Automatically she went the way he indicated, walking slightly in front of him until the path converged on the main terrace. Even though she had broken the moment, she still seemed to be in that state of hypersensitivity, feeling his presence behind her in every follicle in her body. Yet to everything else she seemed quite blind. So much so that when he stepped past her, to halt her progress and slide open the French window they were adjacent to, indicating she should step through, she did so.

And stopped. This was not a salon or a hallway, or any room she was familiar with.

It was a bedroom.

She turned. Nikos was smoothly sliding shut the French window again.

And walking towards her.

She stepped backwards. It was automatic, instinctive.

‘What—?’

He gave a low, brief laugh. ‘Don’t be naïve, Ann. What do you think?’ There was amusement in his voice.

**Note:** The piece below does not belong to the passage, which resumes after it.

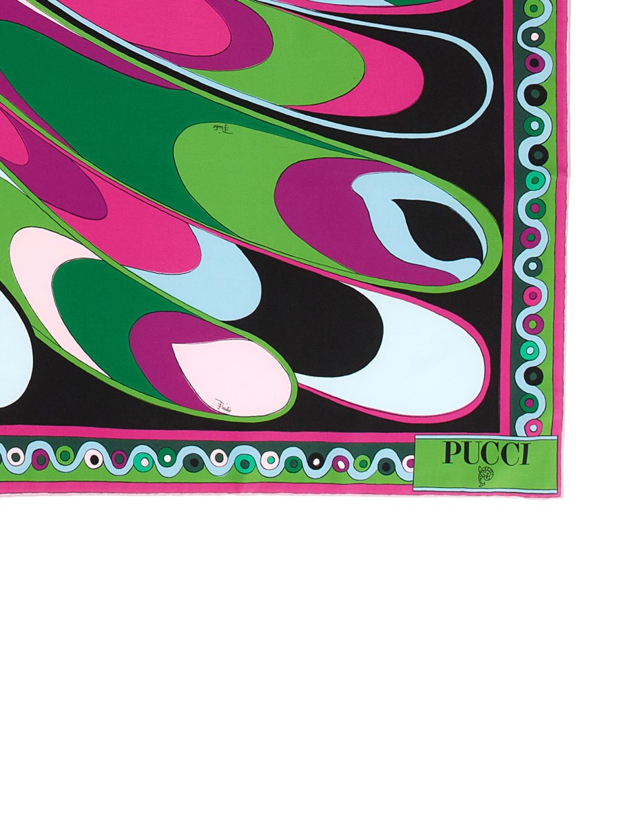 Questa splendida sciarpa di Pucci unisce stile e comfort. La stampa intricata sul tessuto dona un tocco di raffinatezza e arte a qualsiasi abbigliamento. Il design multicolore di questa sciarpa la rende un accessorio versatile che può essere abbinato a una vasta gamma di colori e stili.

He came up to her, looking down at her. There was a single low lamp burning by the bed—a wide double bed, swathed in a dark coverlet, sombre and masculine—dimmed right down. By its light his face seemed more planed than ever, with shadows etching his features. She felt weak suddenly, overcome. Gazing at him, lips parting.

Her breath quickened.

He saw it, saw her reaction. Saw how it came even without conscious volition.

‘This has been waiting for us since the beach,’ he said, his voice low, with a timbre that she could feel in her spine. ‘Then was not the time—but now… Now, Ann, we have all the time we need.’

Dark long lashes swept down over her. He reached forward, his hands closing over the loose arms of his sweater, still draped around her shoulders. She had long ceased to be conscious of it, having had so much else to dominate her awareness, but now she was vividly aware of it again, and even more vividly, breathlessly aware of the slight but inexorable pull he exerted through the sleeves, around her neck and shoulders.

Drawing her forward.

For a moment, a balance of time she could not say lasted either a few fleeting seconds or a long, long interval of consciousness, she felt herself resist. Felt her mind fill with the realisation that she must step back again and flee to the door behind her. Flee away from this man on whom her eyes were fixed as he drew her casually towards him, until he was discarding the sweater, sliding his hands along the slender column of her torso, his fingers splaying around her ribs. Sensation rippled down her as her breath caught again, mouth parting yet again, as she felt his thumb grazing the swelling underside of her breasts.

He held her there, in position for him, as his hooded gaze held hers, and he casually, leisurely, let his thumbs glide across the tautening material of her top.

She felt her nipples flower, the delicate tissues of her breasts engorge. And he felt it too, for he gave a smile. Slow and sensual. Watching her reaction.